US refineries operated at record levels during 2017
The United States exported 186,000 barrels per day (b/d) of jet fuel in 2017, the eleventh consecutive year of increasing gross jet fuel exports, according to the U.S. Energy Information Administration.
Almost two-thirds (62%) of U.S. jet fuel exports went to countries in Latin America and the Caribbean, especially Mexico. Relatively high domestic production and a growing international aviation industry have established the United States as a net exporter of jet fuel for the seventh straight year.
The United States exported jet fuel to 54 destinations in 2017, with 22% of these exports going to Mexico. U.S. exports of jet fuel to Mexico increased from 4,000 b/d in 2010 to 40,000 b/d in 2017 because of factors such as the liberalization of Mexico’s energy markets, increased air traffic, and low utilization at Mexico’s refineries.
International tourism has grown steadily over the past several decades. Latin America and the Caribbean include many popular tourist destinations, and the United Nations World Tourism Organization estimated that international tourist arrivals in 2017 increased by 7% in South America and by 4% each in the Caribbean and Central America. Many of these countries have increased their imports of U.S. jet fuel because of a lack of sufficient refining capacity to meet domestic jet fuel demand.

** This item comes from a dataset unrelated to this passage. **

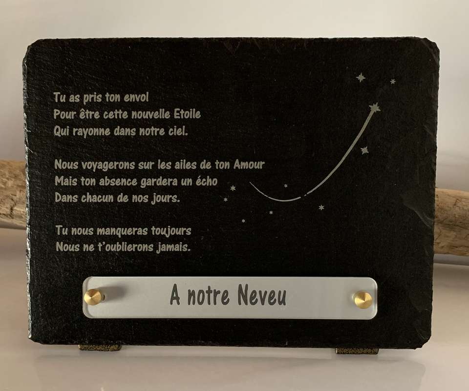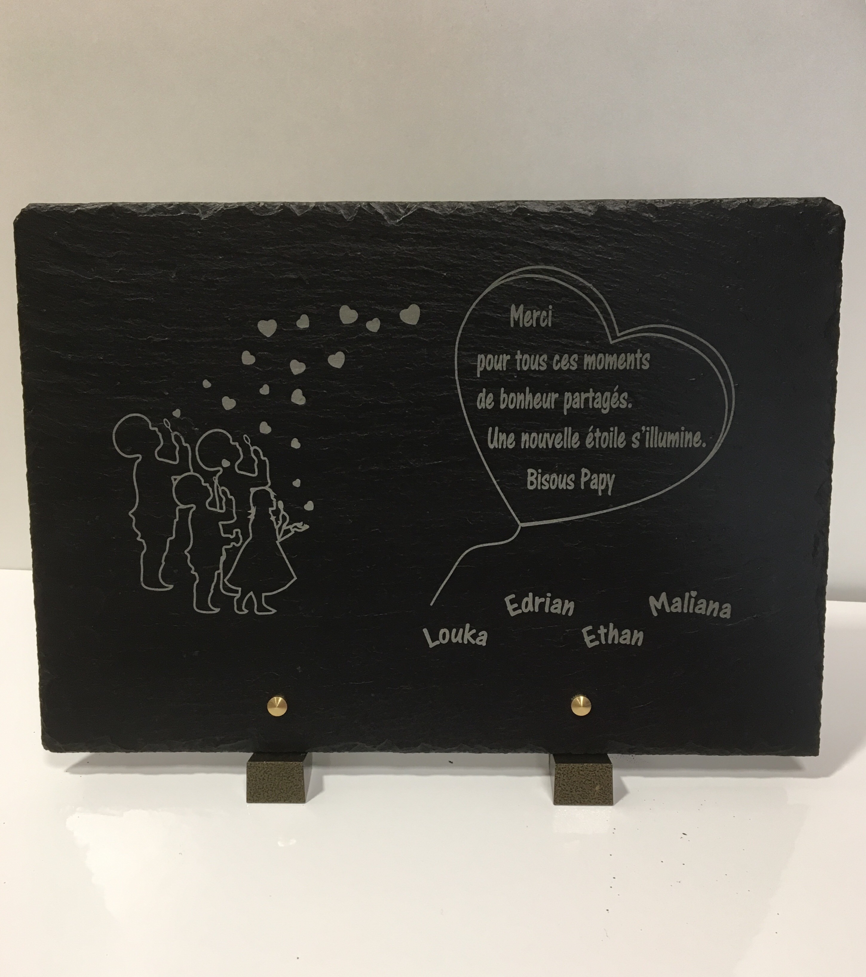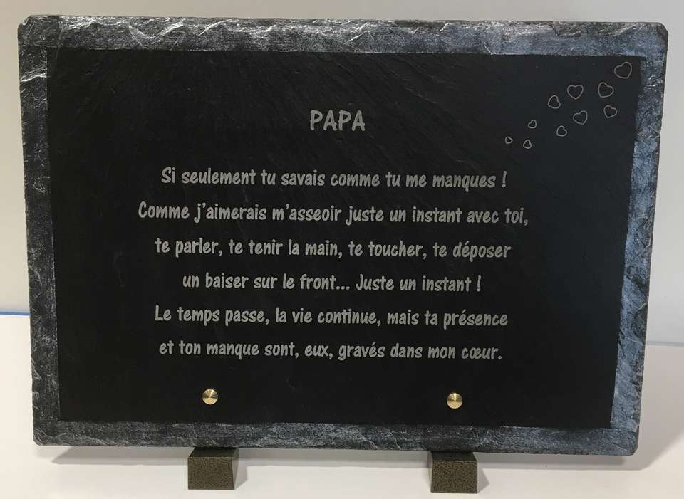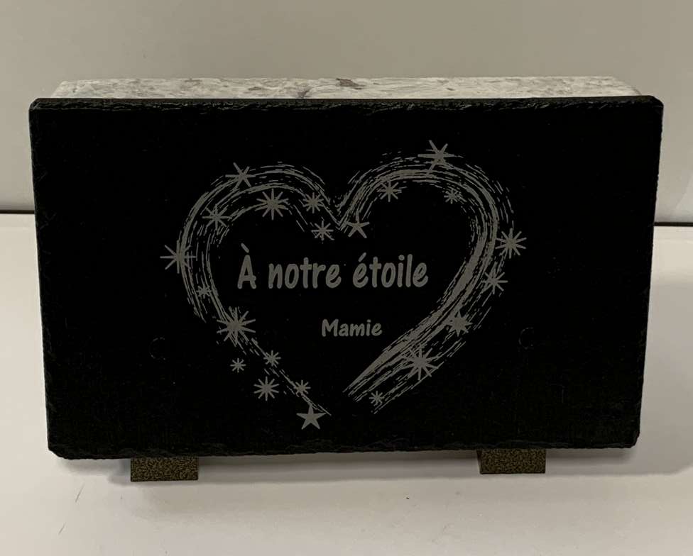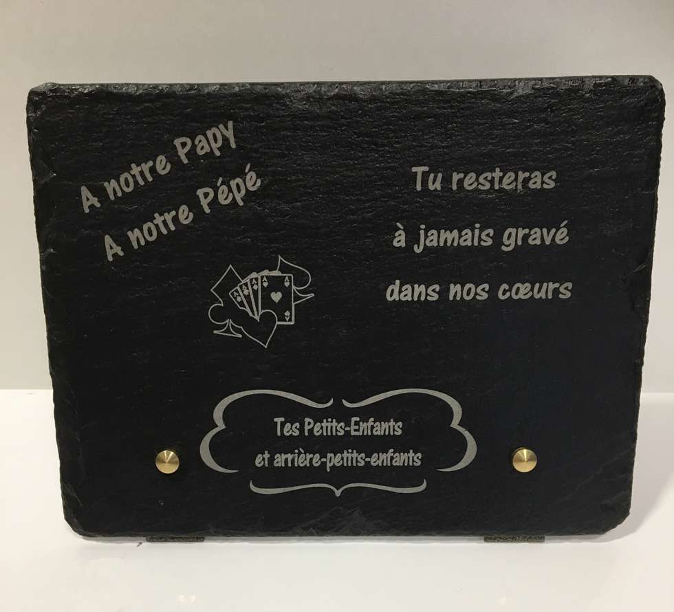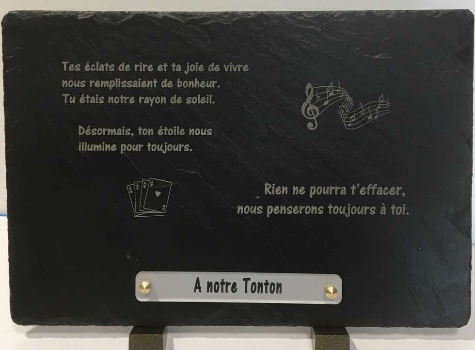 Ardoises naturelles découpées à la main (permet l’aspect biseauté des côtés), d’un format maximum de 22 x 32 cm pouvant être découpées selon votre souhait. Le tarif moyen d’une ardoise gravée sur pieds funéraires est d’environ 80 à 150 € (port en sus env 18€). Dans un 1er temps, 2 ou 3 simulations vous sont envoyées pour affiner vos préférences ; un échange mails permet d’arriver jusqu’à correspondance totale avec la personnalisation souhaitée. Après validation de votre part, un devis vous est adressé. Dès réception du règlement, je procède à la gravure et à l’expédition (par colissimo ou Mondial relay).

U.S. refineries operated at record levels during 2017, working to produce enough jet fuel to support the growing export market. Petroleum products are typically exported from U.S. Gulf Coast ports, primarily Houston and New Orleans. About 80% of all U.S. jet fuel exports were shipped from the Gulf Coast in 2017.
The East Coast and West Coast regions of the United States remain net importers of jet fuel because of demand in metropolitan areas that host some of the busiest airports in the world. In particular, the West Coast has become increasingly reliant on jet fuel imports from Asian countries because regional consumption has outpaced production.